An estimated 200,000 people had fled from Aleppo in two days and an unknown number were still trapped in the city, UN humanitarian chief Valerie Amos said in a statement.
Amos said in New York on Sunday that she was "extremely concerned by the impact of shelling and use of tanks and other heavy weapons" on civilians in Aleppo, Damascus and other locations.
Many people in Aleppo had sought shelter in schools and other public buildings, she said.
"They urgently need food, mattresses and blankets, hygiene supplies and drinking water," Amos said.
Meanwhile, US Defence Secretary Leon Panetta warned Syrian President Bashar al-Assad that the assault on his own population in Aleppo would be a nail in his coffin.
"It's pretty clear that Aleppo is another tragic example of the kind of indiscriminate violence that the Assad regime has committed against its own people," Panetta told reporters on a military plane en route to Tunisia.

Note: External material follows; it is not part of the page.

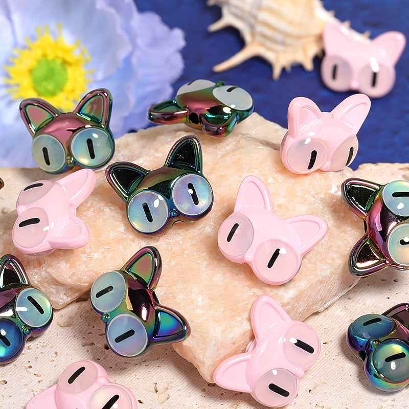 Wholesale 50pcs Cute Night Cat Acrylic Cartoon Double-sided Cat's Eye DIY Beads
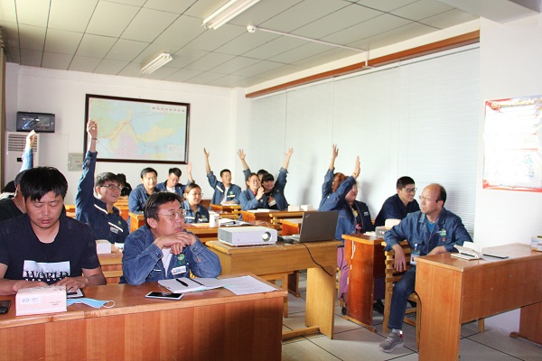 隨后,所安全員李燾同志又組織開展了安全知識競賽活動,知識競賽以口述問答與搶答形式進行,題目緊緊圍繞安全生產(chǎn)月主題,涉及知識面廣,內(nèi)容豐富,實用性強,現(xiàn)場選手們認真對待每一題,搶答環(huán)節(jié),現(xiàn)場氣氛尤其激烈,分秒必爭,以答對題的數(shù)量選出答題最佳選手。

French Foreign Minister Laurent Fabius said in Paris on Monday that his country, which is taking over the UN Security Council's rotating presidency in August, would call an emergency ministerial meeting on Syria.
Fabius told French radio station RTL he would chair the meeting himself and that it had to be held urgently to stop Assad's regime carrying out massacres in Syria.
"Since France is taking the presidency of the UN Security Council on August 1, we will make a request before the end of this week for a Security Council meeting, probably on the ministerial level, to try to stop the massacres and to prepare a political transition," Fabius said.